The Precursors of Life-enabling Molecules in the Orion Nebula
ESA’s Herschel Space Observatory has revealed the chemical fingerprints of potential life-enabling organic molecules in the Orion Nebula, a nearby stellar nursery in our Milky Way galaxy. This detailed spectrum, obtained with the Heterodyne Instrument for the Far Infrared (HIFI) – one of Herschel’s three innovative instruments – demonstrates the gold mine of information that Herschel-HIFI will provide on how organic molecules form in space.

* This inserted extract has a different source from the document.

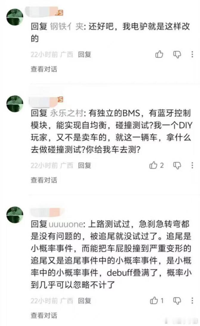 哎!见识物种多样性每天背着个炸弹满街跑还拉着自己的老婆孩子自己也清楚追尾有多严重,却选择“安慰”自己自己说自己的电驴是这样改的电驴什么速度,电车什么速度?电驴多大电池,电车多大电池?不行了……越看越生气😠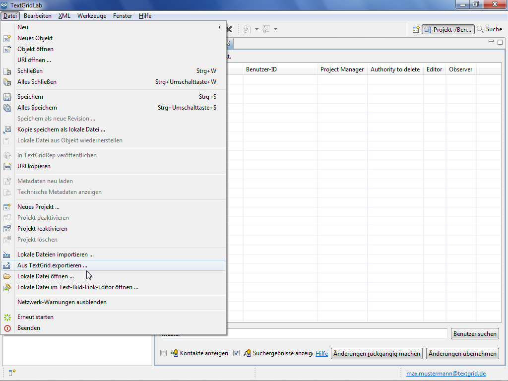 To start the Export Tool, choose "File > Export from TextGrid ..." in the menu bar. A perspective must be open to use the Export Tool.

The spectrum, one of the first to be obtained with HIFI since it returned to full health in January 2010 following technical difficulties, clearly demonstrates that the instrument is working well. Striking features in the HIFI spectrum include a rich, dense pattern of “spikes”, each representing the emission of light from a specific molecule in the Orion Nebula. This nebula is known to be one of the most prolific chemical factories in space, although the full extent of its chemistry and the pathways for molecule formation are not well understood. By sifting through the pattern of spikes in this spectrum, astronomers have identified a few common molecules that appear everywhere in the spectrum. The identification of the many other emission lines is currently ongoing.
By clearly identifying the lines associated with the more common molecules, astronomers can then begin to tease out the signature of particularly interesting molecules that are the direct precursors to life-enabling molecules. A characteristic feature of the Orion spectrum is the spectral richness: among the molecules that can be identified in this spectrum are water, carbon monoxide, formaldehyde, methanol, dimethyl ether, hydrogen cyanide, sulphur oxide, sulphur dioxide and their isotope analogues. It is expected that new organic molecules will also be identified.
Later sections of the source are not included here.